■ Task statement: Transcribe only the part of the material below that begins at the line containing "智慧教室举行。本次论坛邀请获" and ends at the line containing "2023年NCT青少年編程能", with both kept and images left out.

■ Dataset extract:
:::
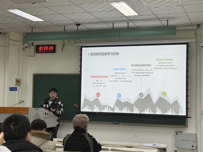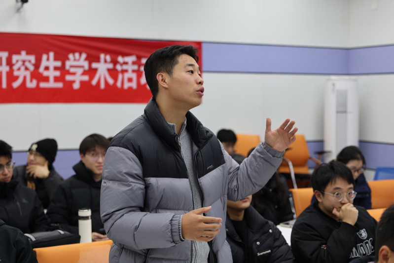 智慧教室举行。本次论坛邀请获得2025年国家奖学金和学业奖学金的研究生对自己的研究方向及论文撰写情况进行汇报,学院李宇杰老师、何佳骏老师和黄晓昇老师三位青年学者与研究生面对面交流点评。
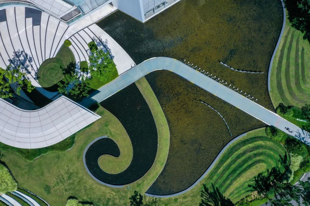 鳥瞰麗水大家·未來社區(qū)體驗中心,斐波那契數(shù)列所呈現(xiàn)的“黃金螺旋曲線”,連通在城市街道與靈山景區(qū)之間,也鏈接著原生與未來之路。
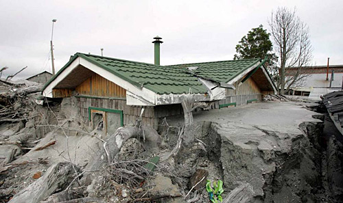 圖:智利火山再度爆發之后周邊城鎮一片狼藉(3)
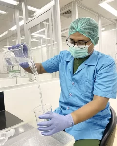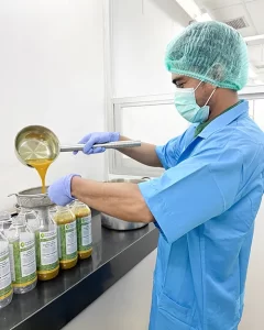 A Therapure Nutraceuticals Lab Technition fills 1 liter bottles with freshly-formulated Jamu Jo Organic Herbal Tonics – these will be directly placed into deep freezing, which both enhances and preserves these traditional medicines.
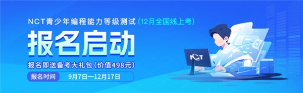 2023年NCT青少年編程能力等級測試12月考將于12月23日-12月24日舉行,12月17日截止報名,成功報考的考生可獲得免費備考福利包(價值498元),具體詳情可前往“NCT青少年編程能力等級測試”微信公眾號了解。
:::
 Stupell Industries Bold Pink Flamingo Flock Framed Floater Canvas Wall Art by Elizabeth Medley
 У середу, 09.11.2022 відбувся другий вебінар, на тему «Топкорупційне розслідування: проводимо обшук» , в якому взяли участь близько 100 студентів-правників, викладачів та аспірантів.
:::
■ Expected answer:
 智慧教室举行。本次论坛邀请获得2025年国家奖学金和学业奖学金的研究生对自己的研究方向及论文撰写情况进行汇报,学院李宇杰老师、何佳骏老师和黄晓昇老师三位青年学者与研究生面对面交流点评。
 鳥瞰麗水大家·未來社區(qū)體驗中心,斐波那契數(shù)列所呈現(xiàn)的“黃金螺旋曲線”,連通在城市街道與靈山景區(qū)之間,也鏈接著原生與未來之路。
 圖:智利火山再度爆發之后周邊城鎮一片狼藉(3)
 A Therapure Nutraceuticals Lab Technition fills 1 liter bottles with freshly-formulated Jamu Jo Organic Herbal Tonics – these will be directly placed into deep freezing, which both enhances and preserves these traditional medicines.
 2023年NCT青少年編程能力等級測試12月考將于12月23日-12月24日舉行,12月17日截止報名,成功報考的考生可獲得免費備考福利包(價值498元),具體詳情可前往“NCT青少年編程能力等級測試”微信公眾號了解。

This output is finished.